Quote:
Originally Posted by NJblue
I for one am not defending Morse. It just seems to me that we the residents were the ones benefitting from what you call "dancing around the law". Afterall, the result of this "dance" was lower amenity fees for us. If he had not structured the deal as tax-free bonds, we would have to pay higher amenity fees to cover the extra bond interest payment. If you see it another way, please explain.
|
Good question, but here's the way I see it. Had the bonds issued been taxable bonds, they would have cost the borrowers less than nontaxable bonds, assuming they both had the same coupon rate. We'd have to go back in time and see the bond prices at the time of bond issuance to see exactly the spread between taxable and non-taxable bond prices. Anyways, the developer would have had to sell more bonds to obtain the same amount of money, so he would have paid a similar amount of interest. Not to mention there may have been additional tax writeoffs, depreciation etc., to be considered. I am no bond expert, and neither I expect are you, but we both know bond issuance and underwriting, etc., is complicated.

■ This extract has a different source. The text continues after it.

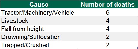 Six farm fatalities were involving a tractor or machinery and four were involving livestock.
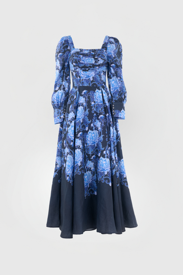 The Hidden Lagoon Maxi Dress from JUSTIN TONG's Enchanted Waters collection captures the mysterious beauty of hidden depths, featuring a blend of deep blue tones and serene floral patterns. It combines romantic aesthetics with contemporary tailoring, making it an ideal choice for your next sophisticated evening or enchanted garden event.

My chief complaint has been that the developer was warned back in 2003 about the legalities of the bond issuance, and he continued to do so. Here's what W. Mark Scott, director of the IRS' tax-exempt bond division, wrote to the district on Jan. 29, 2003, when the bonds got a thumbs up after an earlier audit.
"Our closing of these cases, however, should not be construed as an approval of your method of operations. We have concerns regarding: the amount of control the developer has over the issuer; the questions of value of the assets sold by the developer to the issuer as these are not arm's length [transactions]; the treatment of income and expenses (whether income is properly reported and expenses deducted only once); compliance with state law."
Please note above , the IRS said directly that they had concerns with the developer's compliance with state law. I'm sorry you don't like my term "dancing around the law" but when they were warned and continued to push the limits of the law, so be it.
Now, many years later, if the bonds have to be re-issued and we the residents have to pay the IRS penalties, we are concerned about the financial consequences to The Villages and our amenities.